The New Zealand dollar initially fell during the trading session on Tuesday, dipping as low as ¥71.50 before turning around and rally. At this point, it looks as if there’s more of a “risk on” move coming into the marketplace, as we continue to test the ¥72.25 level. This perhaps is due to the statement coming out of the Federal Reserve in front of Congress suggesting that interest rate cuts are in fact coming, which in general is going to be good for risk appetite around the world.
Major resistance barrier
NZD/JPY
the New Zealand dollar has a lot of resistance built in between the ¥72.25 and the ¥72.50 level above. If we can clear that, then the market is very likely to continue going towards the ¥73 level, and then beyond. The fact that we turned around so decidedly during the trading session on Wednesday does in fact suggest that there is pressure building underneath to push this market higher. Given enough time, it looks very likely to finally break out. Traders are starting to get trapped in this resistance barrier, so breaking above it will have a lot of shorts looking to cover.
That will more than likely continue to push this market even higher, perhaps as high as the ¥74 level in the short term. Keep in mind that this is very risk sensitive, so this will all be predicated upon the idea of fresh liquidity being pumped into the marketplace by the Federal Reserve.
Asia
The Kiwi dollar is highly sensitive to all things Asia, especially China. If we can get good risk appetite showing up in Asia during the stock market hours, that could help lift this market as well. Obviously, the US/China trade relations could affect this market rather rapidly as well, so this is one of my favorite plays for all things Asia positive.
Technical pattern
You can make a bit of an argument for a bullish flag, so that’s another reason to think that we will continue to go higher. On that breakout, the measured move looks for the ¥74 level as well, so that’s no mistake that I suggest we could get there. Short-term pullbacks should be thought of as buying opportunities, as long as we can stay above the ¥71.45 level, which is the bottom of the candle stick for the trading session on Wednesday as I write this article.

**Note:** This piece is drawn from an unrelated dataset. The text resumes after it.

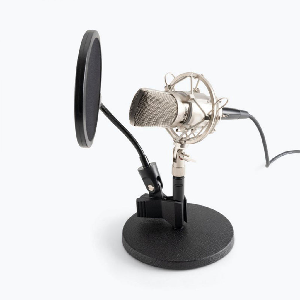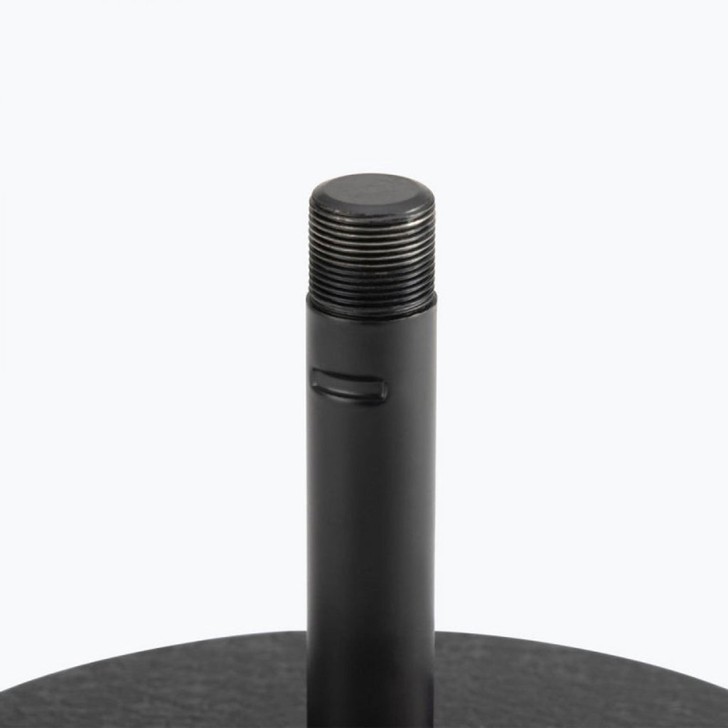 Our DS7100B Desktop Mic Stand excels at short-height miking applications. The removable straight 4" shaft mounts standard mic clips and accessories. A heavy base provides stability and balance for reliable mic support. Nonslip rubber feet reduce vibrations to prevent mic rumble. A model of functional simplicity, this stand makes quick work of setting up a mic on a desk or podium.
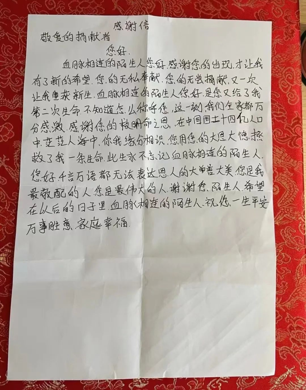 “血脉相连的陌生人,感谢您的出现,才让我有了新的希望,又一次让我重获新生......”完成捐献后,李杰收到了一封来自受捐献方的感谢信。对方朴实的话语,让李杰心里暖暖的。他说,只要人民有需要,就会义无反顾地去帮助,保持退伍军人的精神,退伍不褪色。

The 50 day EMA of course has somewhat of an influence, but it’s flat so that tells us that the market is trying to turn things around after being so negative for so long. There may be bumps along the way, but that’s clearly it looks like a market that’s trying to turn around for a bigger move to the upside. That being said, if we were to break down below the bottom of the range for the day, that opens up the door to the ¥70.50 level, which has seen support in the past. Presently, I think that’s the least likely of scenarios.